- Directed by: Tim VandeSteeg
- Written by: Kim Pederson
- Produced by: Tim VandeSteeg Mark Castaldo
- Starring: Terry Hitchcock Teri Sue Hitchcock Chris Hitchcock Jason Hitchcock
- Narrated by: Billy Bob Thornton
- Cinematography: Matt Ehling
- Edited by: David Frank
- Music by: Steve Horner
- Release dates: October 23, 2009 (Austin); March 31, 2011 (United States);
- Running time: 85 minutes
- Country: United States
- Language: English

= My Run =

My Run is a 2009 documentary film directed and produced by Tim VandeSteeg and produced by Mark Castaldo. The film chronicles Terry Hitchcock's journey of completing 75 marathons in 75 consecutive days to raise awareness for single parent families.

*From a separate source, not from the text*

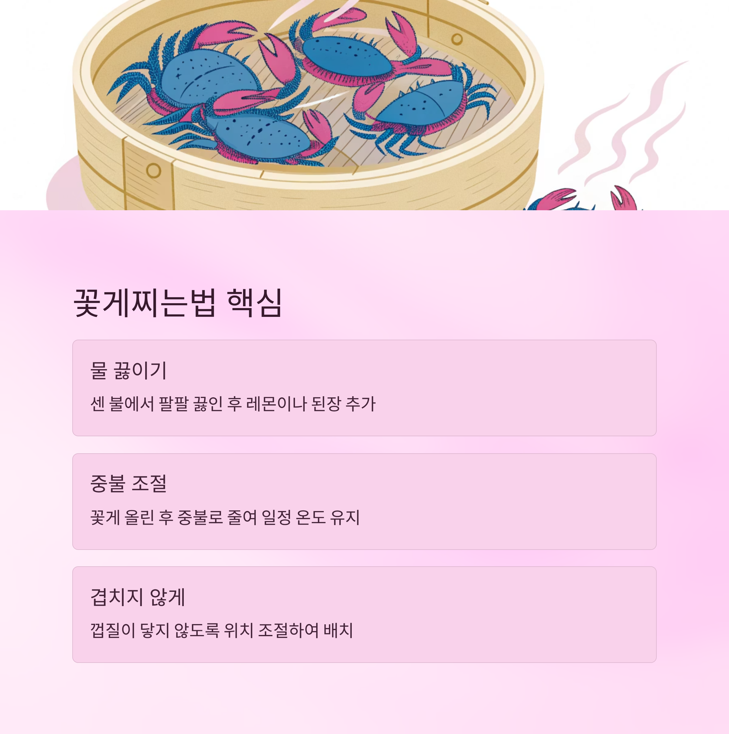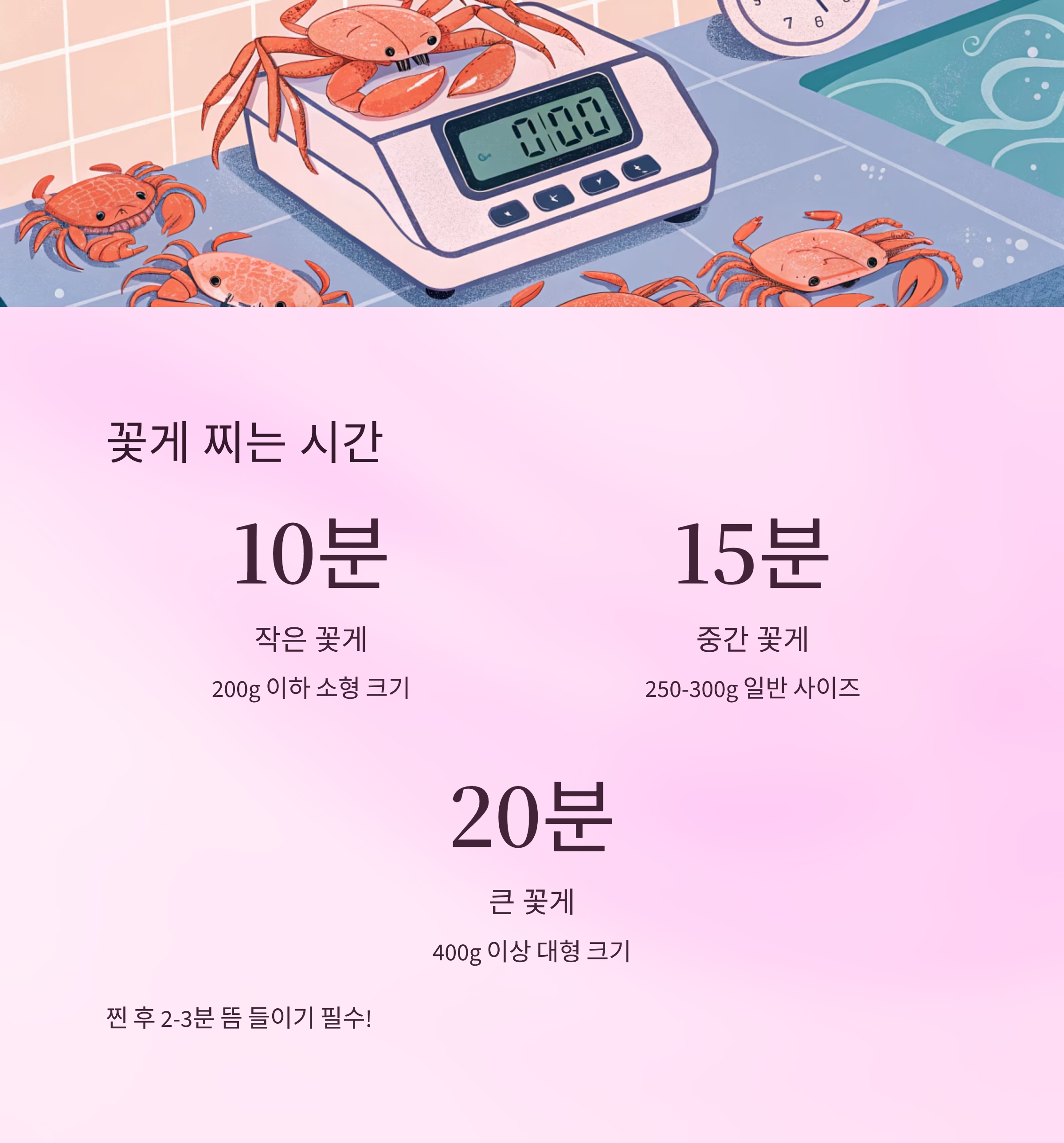 ⏱ 꽃게 찌는 시간 조절법

It first screened at the Austin Film Festival on October 23, 2009.

==Plot==
My Run tells the true story of two journeys. The first, which began in 1984, opens the film when Terry Hitchcock's wife Sue dies of breast cancer. Only a few days later he loses his job. Suddenly, he finds himself alone with his three young children and no income.

The film follows Terry as he learns to function as a single parent, and discovers how difficult it is to maintain and nourish a strong loving family and how faith can be instrumental in strengthening your will to keep moving forward. His experience also teaches him that single parents and their children are unsung everyday heroes.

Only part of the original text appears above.